EmailParseNormalizer

class squirro.lib.nlp.steps.normalizers.EmailParseNormalizer(config)

Bases: squirro.lib.nlp.steps.normalizers.Normalizer

Email parser normalizer parse an email string to extract email body. Given a non-html email string, parse to extract body, additional cleaning is applied for footer not extracted by python email parser.

Parsing rules:

  1. Find a regex match “Body:” in the email string.

  2. Extract body using python email parser.

  3. Given a list as discard_footers (eg. [“Best regards”, “Warm Regards”,]), discard the body after first

    appearance of a footer string.

Example input:

From: Squirro\nTo: Hi,\nI hope to find you well. In the emails before youve learned more about our Insights Engine.\nBest regards, Squirro

Example output:

I hope to find you well.

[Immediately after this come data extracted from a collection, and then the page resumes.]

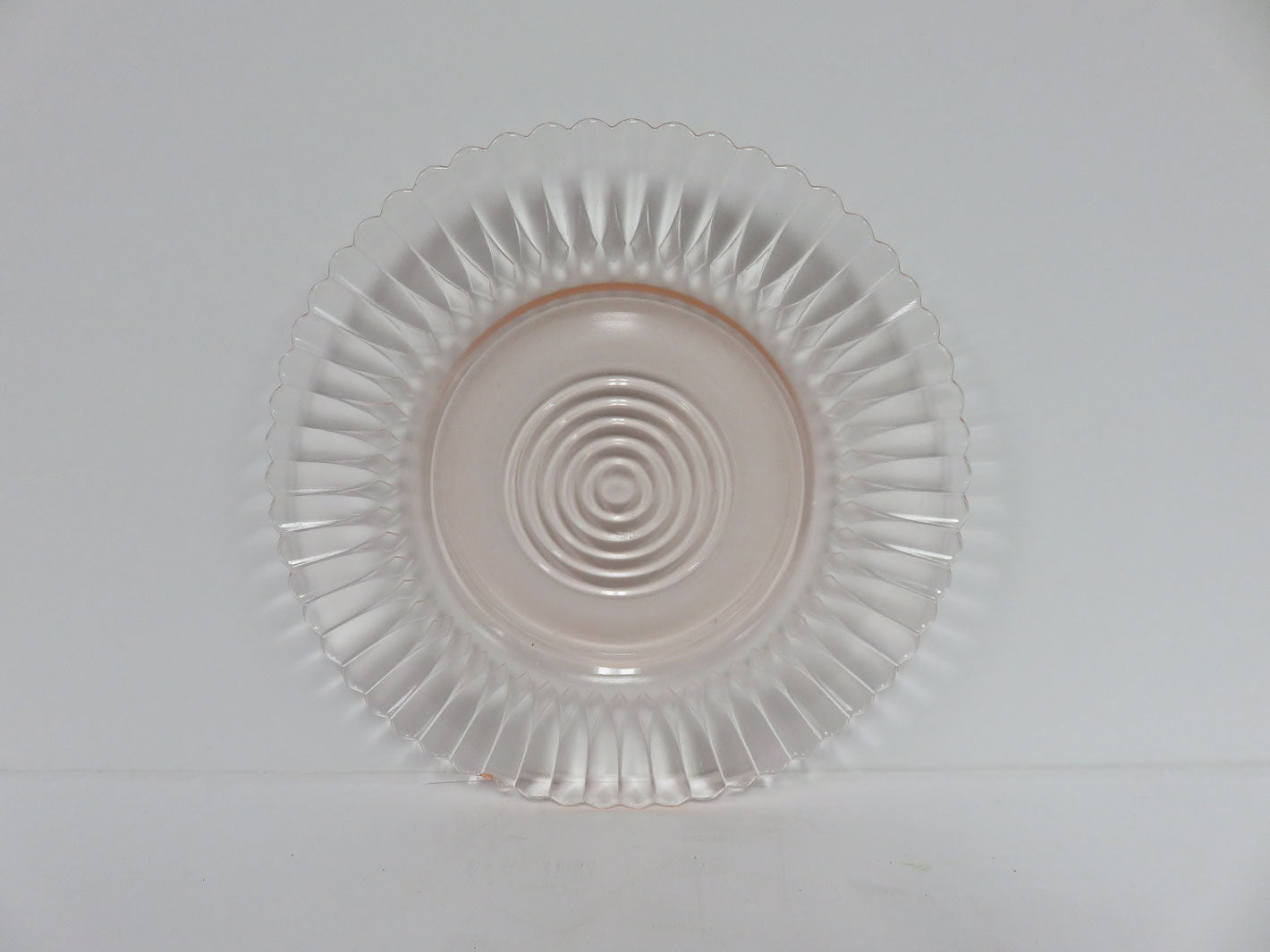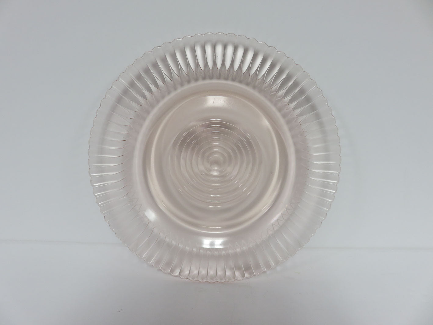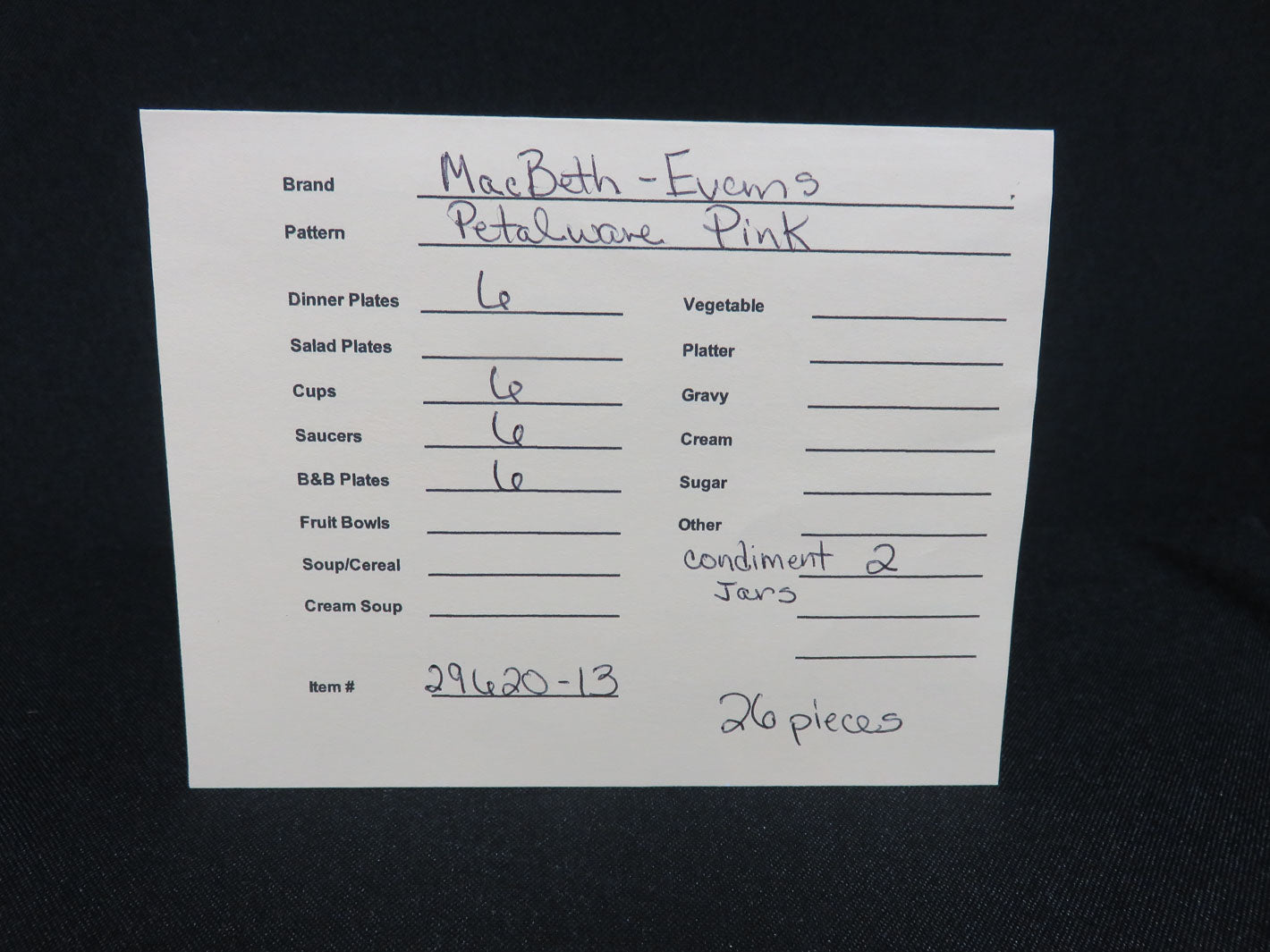 6-4 piece place settings plus 2 condiment jars. Petalware Pink pattern, ribbed design with scalloped edges. Produced in the 1930s.
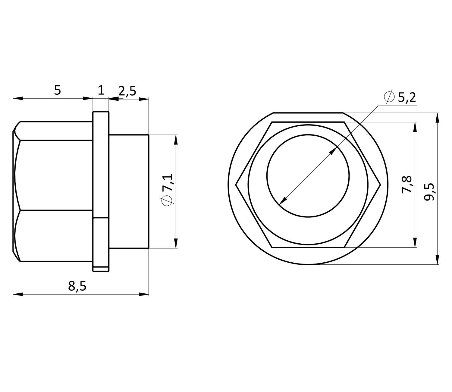 Мини эксцентрик 6 мм S, для винта М5Мини эксцентрик 6 мм S, для винта М5
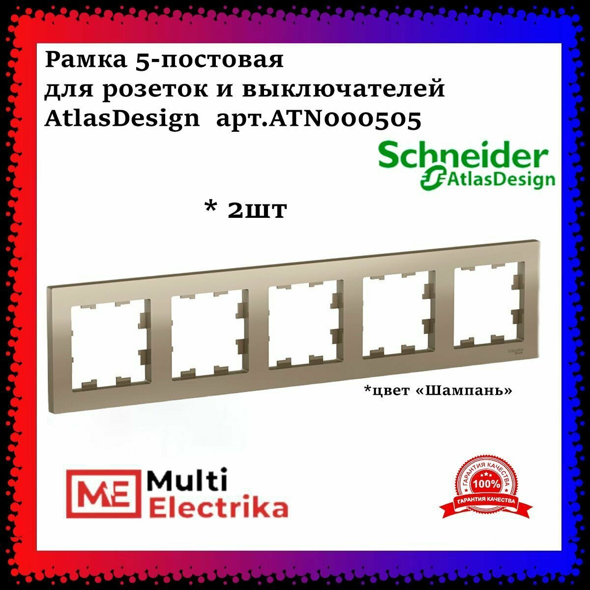 Купить Рамка 5-постовая для розеток и выключателей Шампань AtlasDesign (Атлас Дизайн) Schneider Electric ATN000505 2шт

In the emails before youve learned more about our Insights Engine.
Parameters
  • type (str) – email_parse

  • field (str, None) – Field to parse emails

  • fields (list, None) – List of fields to parse emails

  • discard_footers (list) – Discard the text after occurance of these footer strings.

  • input_fields (list) – Fields to clean email

  • output_fields (list) – Fields to record cleaned email body

Methods Summary

process_doc(doc)

Process a document

Methods Documentation

process_doc(doc)

Process a document

Parameters

doc (Document) – Document

Returns

Processed document

Return type

Document